Я ощущал его дыхание на своем подбородке, и теперь до меня донесся запах его все еще почти невидимой одежды: запах одежды боготворимого юноши, с холода входящего в теплое помещение, — наркотический дурман, который может спровоцировать любую опрометчивость или безрассудство… Нет, больше не прикасаться к нему, не сейчас… возьми себя в руки… Но что же, что тогда говорить, что делать?.. «Зачем я живу?» — пронеслось у меня в голове, — «какой смысл» — «Но жил ли я? Крыса живет, лошадь живет, но я?» — пронзила меня мысль. Для чего он пришел, какая насмешливая судьба послала его, — его, которого я не достоин и никогда не буду достоин?.. Почему он сразу же не ушел, прочь, вниз по лестнице, ведь так было бы гораздо лучше?.. «Выйди от меня, Господи! Ибо я человек грешный[59]», — одна мысль сменяла другую.

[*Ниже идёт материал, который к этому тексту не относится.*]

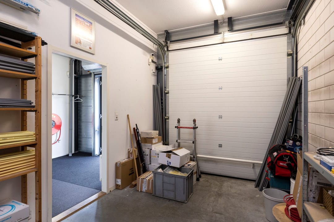 - Overheaddeuren, betonvloer, toilet, pantry en te openen ramen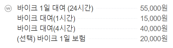 시간단위로 가격이 책정되어 있고, 1일 대여가 가장 적당해 보였습니다.
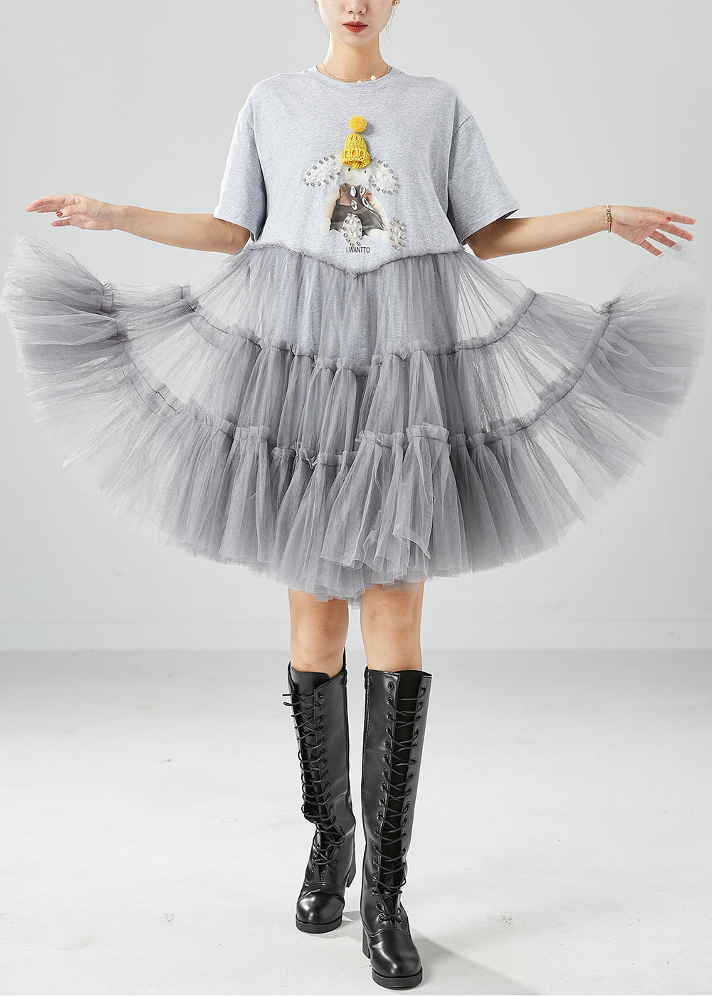 Art Grey Ruffled Solid Tulle Patchwork Knit Dress

— Входи. Проходи дальше, — заторопился я и пропустил его вперед себя, во все еще слабо освещенную дневным светом комнату. — Давай сюда куртку. Я свет зажгу. Тут у меня малость черти что. — Я включил маленький светильник в углу, — уродливый кремового цвета стеклянный шар на ножке поддельной бронзы.
Без малейшего чувства неловкости юноша оглядывался по сторонам, стаскивая с себя куртку — простенькую черную ветровку из легкой, но теплой синтетической ткани на молнии, с шерстяным воротником и шерстяными же манжетами. Я не смел смотреть прямо на него, но, принимая куртку, незаметно задержался на нем взглядом. Под курткой у него был тонкий серый хлопковый свитер без воротника, и под тканью я заметил в профиль его невинные, не знавшие греха юношеские сосочки.

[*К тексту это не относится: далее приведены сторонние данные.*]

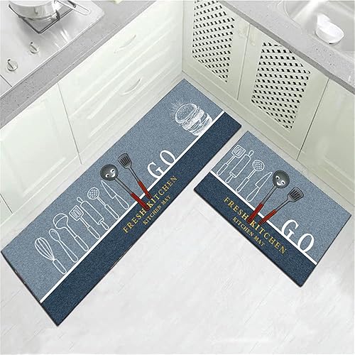 Treer Tapis de Cuisine pour Devant Evier Entrée Passage, Moderne Motif, Absorbant, Antidérapant et Lavable en Machine Tapis de Sol, Tapis de Bain Paillasson (Cuisson,40x120cm)

Мое представление о нем, как о чем-то, таящем в себе угрозу, о ком-то, кто мог подставить меня под какие-нибудь обвинения, начало тускнеть и уступать место чувству некой испуганной озабоченности. Мало ли на свете людей, которые будут желать ему зла, и сколь многие из них рано или поздно сумеют осуществить свое желание — ранить и мучить его?
Гладкие черные волосы двумя неровными широкими прядями падали ему на лоб, и эту неровность, казалось, повторяли две такие же, разные по ширине небрежные пряди, прикрывавшие часть его шеи и оканчивавшиеся прямо над горловиной свитера. Кому придет в голову обидеть такое милое, беззащитное создание? Я немедленно отринул этот вопрос, сочтя его глупым: «Кто, положа руку на сердце, не захочет обидеть юношу подобной наружности?» — вот так он должен бы был прозвучать. Я поежился.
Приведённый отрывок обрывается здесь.